В особенности же оставило во мне сильное впечатление муравейное братство и таинственная зеленая палочка, связывавшая с ним и долженствующая осчастливить всех людей. Как теперь я думаю, Николенька, вероятно, прочел или наслушался о масонах, об их стремлении к осчастливлению человечества, о таинственных обрядах приема в их орден, верно слышал о Моравских братьях и соединил все это в одно в своем живом воображении и любви к людям, к доброте, придумал все эти истории и сам радовался им и морочил ими нас.

Идеал муравейных братьев, льнущих любовно друг к другу, только не под двумя креслами, завешанными платками, а под всем небесным сводом всех людей мира, остался для меня тот же. И как я тогда верил, что есть та зеленая палочка, на которой написано то, что должно уничтожить все зло в людях и дать им великое благо, так я верю и теперь, что есть эта истина и что будет она открыта людям и даст им то, что она обещает…».

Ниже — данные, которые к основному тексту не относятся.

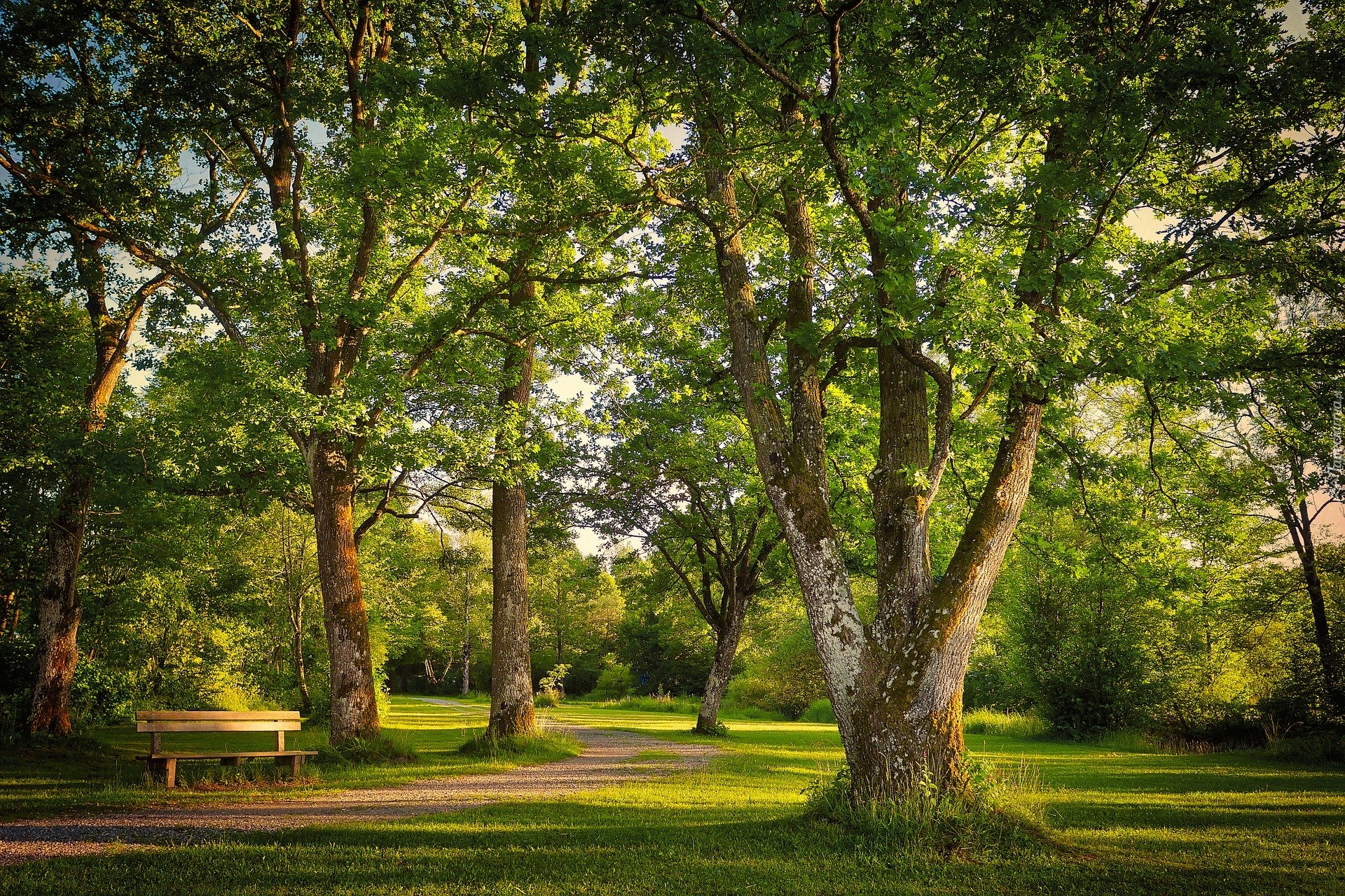 Edytor tapety: Ławka w parku pod drzewami

И все дальнейшие страницы этой моей книги и есть, в сущности, рассказ о попытках этого мальчугашки отыскать для людей таинственную зеленую палочку и, соединив их в одно теплое муравейное братство, возвести их – всех вместе, не иначе – на Фанфаронову гору вечного безоблачного счастья…

II

Детство кончалось для маленького Льва – начиналось отрочество. Восстановить полную и точную картину и этих лет не представляется возможным все по той же причине – невозможности провести разграничительную линию между Dichtung и Wahrheit. Во всяком случае, позднейшие материалы позволяют установить одно важное и интересное обстоятельство. По тому, что мы знаем о его юных годах по его «Детству» и «Отрочеству», можно думать, что эти годы были исключительно напоены семейной любовью и нежностью, между тем как на самом деле оказывается, что этого не было и что между братьями Толстыми всякие выражения нежности были совершенно исключены и считались чем-то совершенно необыкновенным, и много лет спустя это отразилось на отношениях Толстого к его детям и его детей к нему: только одна Марья Львовна умела разбить эту корку внешней холодности и быть с отцом нежной. Когда умирал один из его братьев, Николай, и по какому-то поводу сказал ему: «благодарю, друг мой…», Толстой был потрясен: это «друг мой» было совершенно исключительным выражением нежности! Эту стыдливость в выражении чувства некоторые приписывают раннему сиротству маленьких Толстых, но едва ли это так: если родители их ушли очень рано, то около них все же оставались люди близкие и их любящие. Не объясняя, я только отмечаю этот странный факт.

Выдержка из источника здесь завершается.